Be more myself? An oxymoron surely. My work is drawing with charcoal and this year for the last 5 months that is all I have been doing, limiting my practise to black and white. Liberating in one way but also a great challenge. This year I am slowing down and stretching out, filling space with lines and marks. It's good but when you get up close to the thing you do best its terrifying. The pit wall looms in front of you and the only way to face it is to keep digging.
I've been out drawing on a number of occasions with others and on my own as I need to work direct from source. My over riding fear pre and post drawing is that I will not be able to produce pieces of similar quality or interest to those which I have done before. When I go I have these good pieces in mind and feel pressure to recreate them....all these internal wranglings and self inflicted blocks are a devil to work through. What I need to practise every single time I draw is staying in the present being totally in the moment and not in the past or the future. This is when I do my best work this is when I am most myself.

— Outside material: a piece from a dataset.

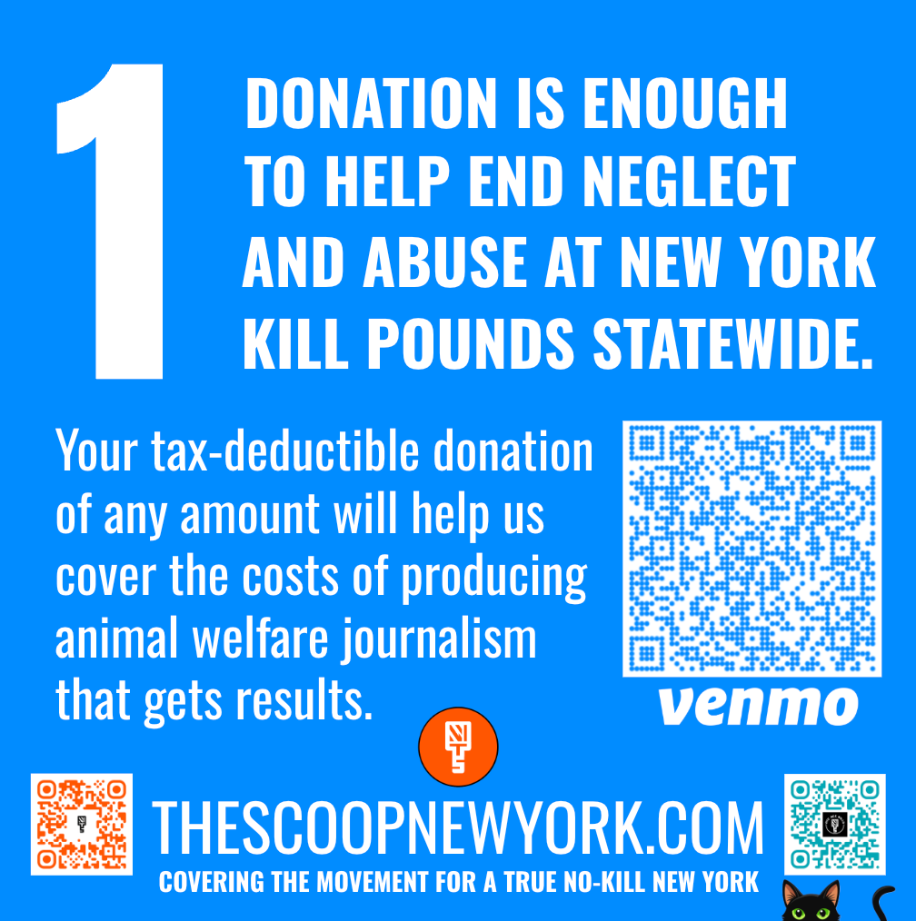 The Scoop New York is a website and newsletter covering the movement for a true no-kill New York State, from BUF to BK. NYC ACC KILLS, published by TSNY, enumerates and memorializes adoptable cats and dogs who were exterminated by Animal Care Centers of New York City.

I know when I shed these inhibitions and let it flow, I become almost unconscious of developing anything and simply make marks. I have to disconnect from control.
As I work I learn more about what subjects make me connect and buzz, landscape is always a start but as I recently discovered at Devils Dyke on a dull day I need contrast and lots of it. Following my gut reaction which is a lifting feeling of huge potential when I see something is an instinct I can trust, when I got to the Dyke I was really disappointed, I felt like a child about to get the puppy I'd always wanted and then getting a battery powered toy dog. Whereas driving past and walking on the downs near Hassocks was amazing. I think there was a strong sense of being too close and actually trapped by the subject at the Dyke and I need a sense of space between me and the subject. I love high horizons, sweeping lines and undulating mounds of earth, the way that clouds race across the land obscuring it and changing it completely just like intense sunlight rising from behind a hillside. The best thing we did at the Dyke was to roll down the sides!
Thanks to Clare Whistler for the images, the company and the belief.